Some of the largest contributors to an individual carbon footprint are venue and transportation. Perhaps unsurprisingly, these are also the biggest players in a wedding’s carbon footprint.
(image via Medium)
Want a destination wedding? Everyone has to hop on a plane, which causes tons of carbon emissions. Want to serve a prime rib entrée? That amount of red meat will be costly for you and the planet.
Even if you aren’t planning a far-away wedding or a meat-heavy menu, the choices you make are multiplied for each of your guests.
If you want to give your guests favors, avoid additional waste by opting for something edible. Or you can give something that’s beneficial to wildlife like seed bombs for native species that local pollinators will love.
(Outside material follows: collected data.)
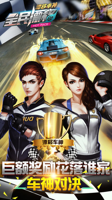 全球第一实时对战赛车手游《全民漂移:漂移车神》呼啸来袭,开启实时竞速飙车时代,暴走漂移点燃你的车神魂! --独创:4车同屏实时对战,真实上演生死时速! **「生涯模式」逐关突破,「地下对决」和「黑暗狂飙」更是飙车技术和娴熟操作的综合表现。「双人对决」是好友间「单项技巧」比拼的舞台。「车队赛」和「车队精英赛」将体现出团队实力与配合的同时,更有丰厚的「车队奖励」等着你!** --刺激:无限氮气免费喷射,极速漂移助你登顶PVP一代车神! **两大操作系统,四种操作模式,随心转换不再是梦;无论是左撇子还是右撇子,可按照自己操控习惯自由变换。传统的重力感应操作,让你身临其境,就像手握方向盘在开车一样;而滑动操作简单创新,动态捕捉屏幕触摸位置,按住方向条,左右滑动即可顺畅转动方向过弯!** --养眼:车模陪驾,享受速度的同时带来更贴心的领航服务! **七位不同特色车模陪驾,七种不同声效演绎不同的领航服务,更有让你欲罢不能的女郎养成系统** --风骚:更加炫酷的涂装皮肤系统,让你的爱车与众不同! **五大区域,20款车贴、十种颜色随心搭配。打造出一辆辆独一无二的专属赛车!赛车拥有不同属性,通过改装升级可培养出完美超级赛车!而赛车的表面有着「实时反射」与「反锯齿效果」,让画质格外出色!** -- 3 D:实地取景,U3D还原真实赛道,体验身临其境的动态极速飙车! **想体验“全球最寒冷赛道--卡尔斯塔德冰雪赛道、赛车条件最严峻的赛道--阿塔卡马赛道、日本最险峻的赛道--秋名山赛道、亚洲第一条F1街道赛道--新加坡F1赛道”吗?《全民漂移:漂移车神》统统让你身临其境。当然,游戏内还有更多别样的风景等待玩家们去探索!用速度将城市霓虹变成幻影,极速穿梭于阳光普照的绿荫丛林之间,生死时速,真实再现!** --福利:超多福利免费领取,送车送钻送珍稀道具,让飙车更加随心所欲!
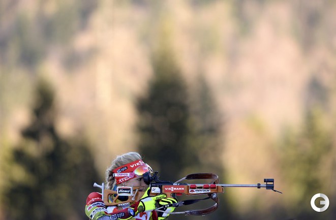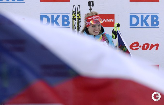 Победительница индивидуальной гонки на этапе Кубка мира в Рупольдинге Габриэла СУКАЛОВА. Фото AFP
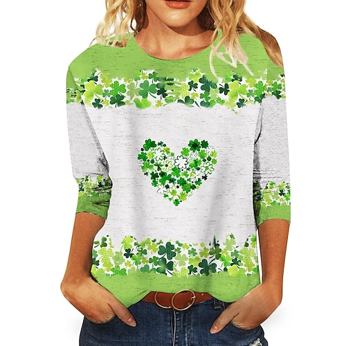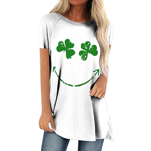 Giorno di San Patrizio Festa di San Patrizio Per donna Maglietta Foglia Giorno di San Patrizio Tunica Manica Corta Girocollo Top lunghi Ferie Weekend Stampato Verde primavera Bianco Verde chiaro
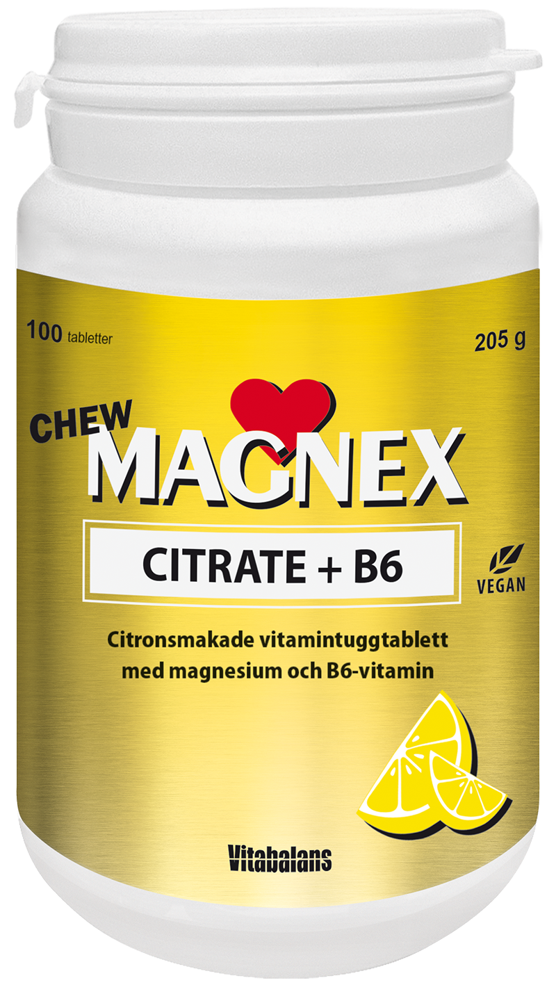 Magnex Citrate 375 mg + B6 CHEW on värske sidruni maitsega närimistablett, mis sisaldab hästi imenduvat magneesiumi ja B6 vitamiini. Kaks närimistabletti päevas annab 375 mg magneesiumi ja 3 mg B6 vitamiini.

When it comes to gifts, your guests ultimately choose what to give, but a registry allows you to offer guidance.
It’s becoming more common for couples to live together before getting married and already have what they need for their home. That’s why charitable giving is an excellent alternative to traditional gifts.
By registering for donations to your favorite charities, you’re also sharing more about you as a couple with your guests. Your friends and family will learn a little more about the causes that are important to you.
The Good Beginning facilitates a charitable giving registry. You can even choose multiple organizations for guests to donate to.
Making wildlife-friendly choices when planning your wedding not only protects the planet, it’s a way to share your values with your nearest and dearest. And it’s an opportunity to demonstrate more sustainable choices that others can follow to set a good example for the rest of the wedding industry.